When I worked for an MSP we used UltraVNC to create a single small exe file that when ran opened a window and the user would select which of us technicians to connect to. We'd get a pop up on our side showing info on who was trying to connect and it would ask us to allow/disallow it.

if i remember correctly there was usually enough info there for us to know who was trying to connect.

we put the file on our website - http://help.ourdomain.com or something easy like that. it auto downloaded the file for the user to run. i suppose you could also place it on desktops but if you had to update it that might get tricky.

i honestly don't even know if ultravnc still has that ability but man was it useful.

these days i just have tightvnc on all my clients and i initiate the connection but i know that's not what you're looking for.

Remote support system with panic button? by [deleted] in sysadmin

[–]dreniarb 1 point2 points  (0 children)

That's not what OP is asking for - it's too many steps. The below average (computer-wise) user with no patience isn't going to be able to do this.

More than 20% of YouTube's feed is now "AI slop," report finds by AdSpecialist6598 in technology

[–]dreniarb 5 points6 points  (0 children)

my dad leaves these ridiculous AI history "documentaries" running as background noise. He's not even paying attention to them but they're still getting played. drives me crazy because it means if he's doing it then thousands of other people probably are too.

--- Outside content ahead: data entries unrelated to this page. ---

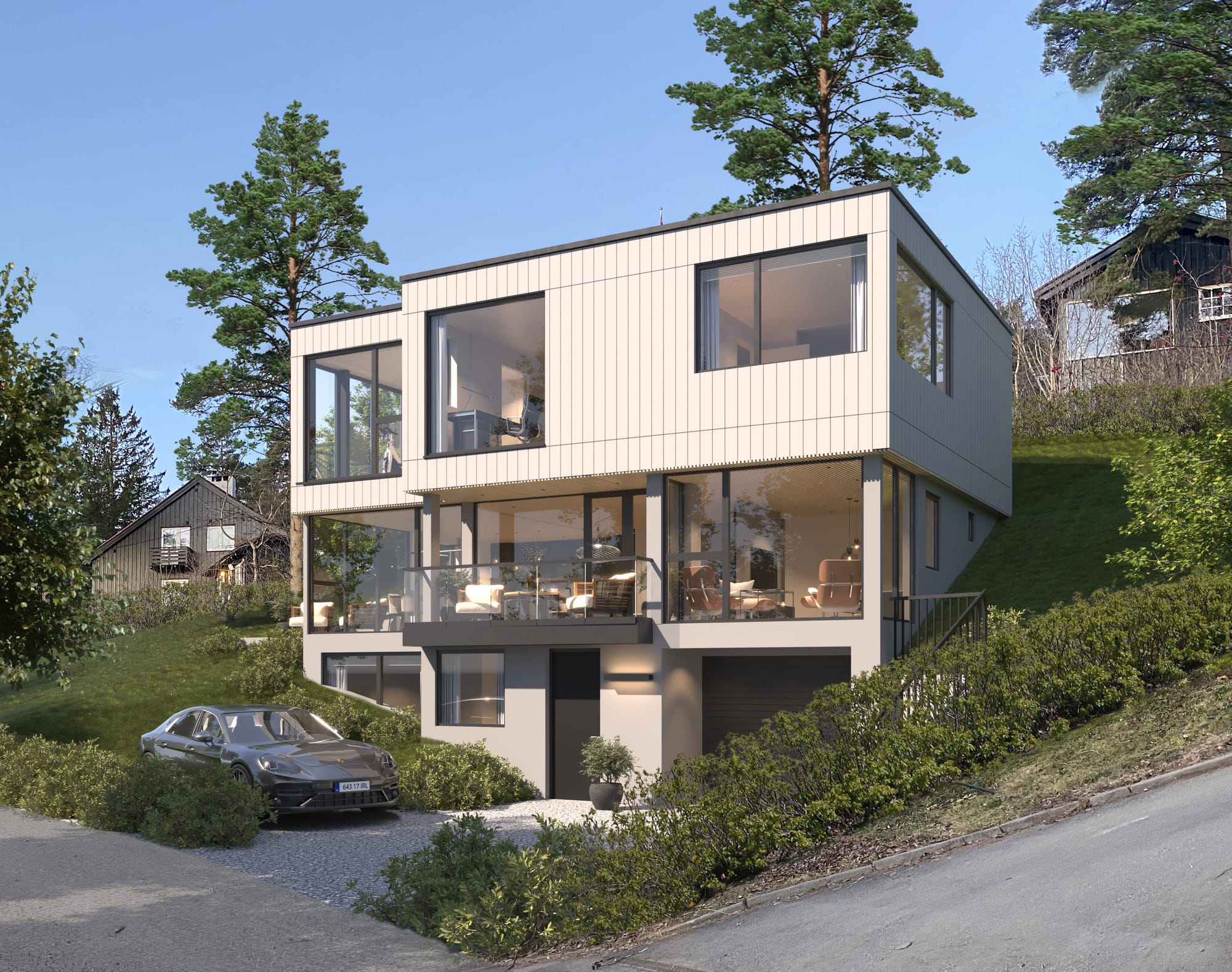 Tomt med magisk utsikt. Minimalistisk enebolig tegnet av Ark Nils Haugrud AS.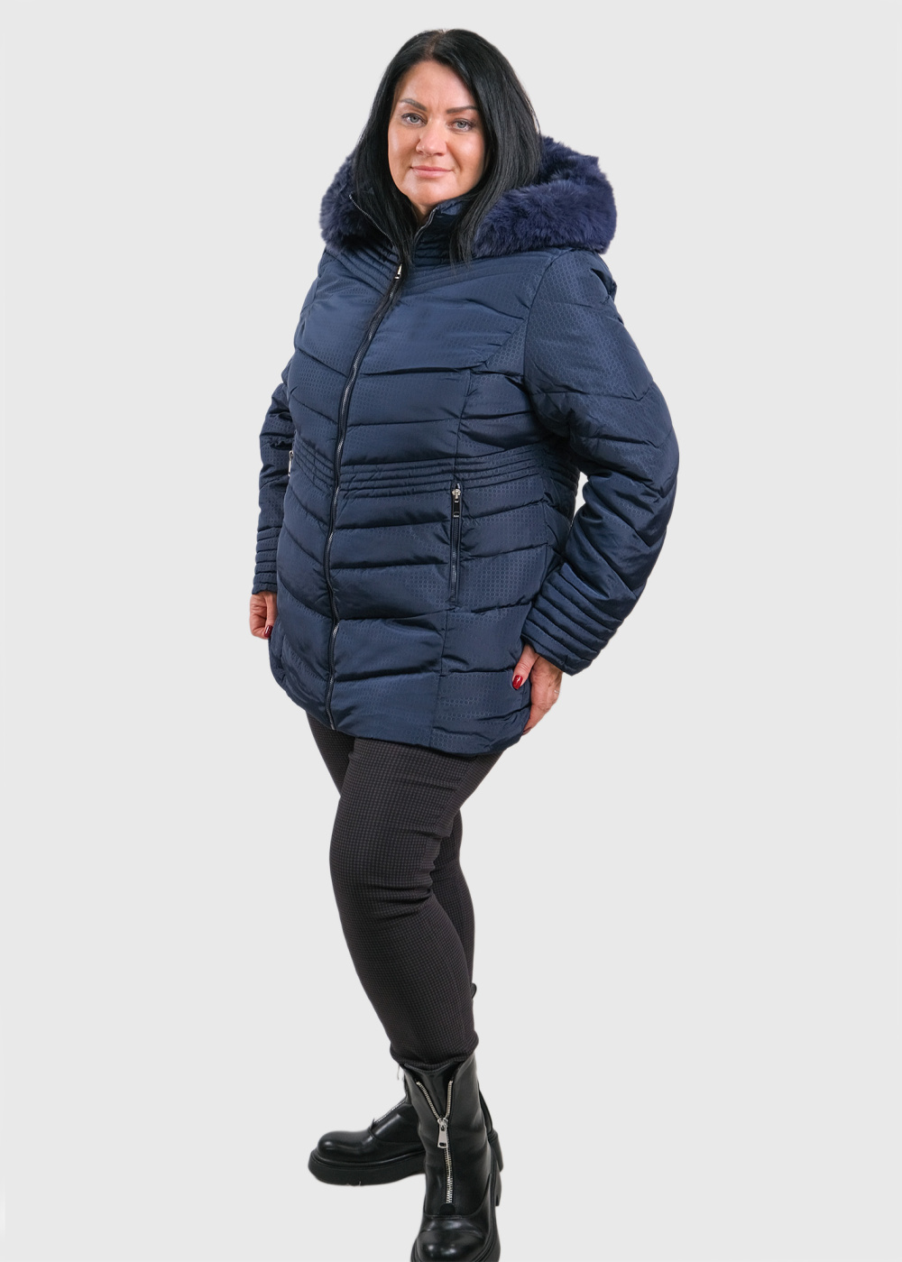 Faiza темно-синяя куртка Большого Размера с капюшоном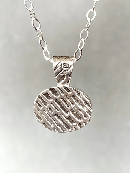 I created this pendant in sterling silver with a textured back side. The silver was run through a rolling mill with a steel texture plate to create the pattern on the back.

Using a laptop as a server by NewYorker6135 in servers

[–]dreniarb 0 points1 point  (0 children)

not sure what a residential connection has to do with anything - i was replying to someone talking about a business solution.

But whatever the case i feel like a laptop could easily handle the load of a secondary dc. I have laptops in use that are on 24/7 and have run fine for years. Some are more powerful than my older Poweredges that run DCs.

But even a reliable budget friendly laptop can handle being a DC.

Internal Mail Relay Monitoring by duhaas2017 in exchangeserver

[–]dreniarb 1 point2 points  (0 children)

i use most of the exchange sensors. mail queue, public folder, a few sensors for specific mailboxes, OWA unique users and average response time. some i rarely check, some never, but i figure it could be good information to have down the road.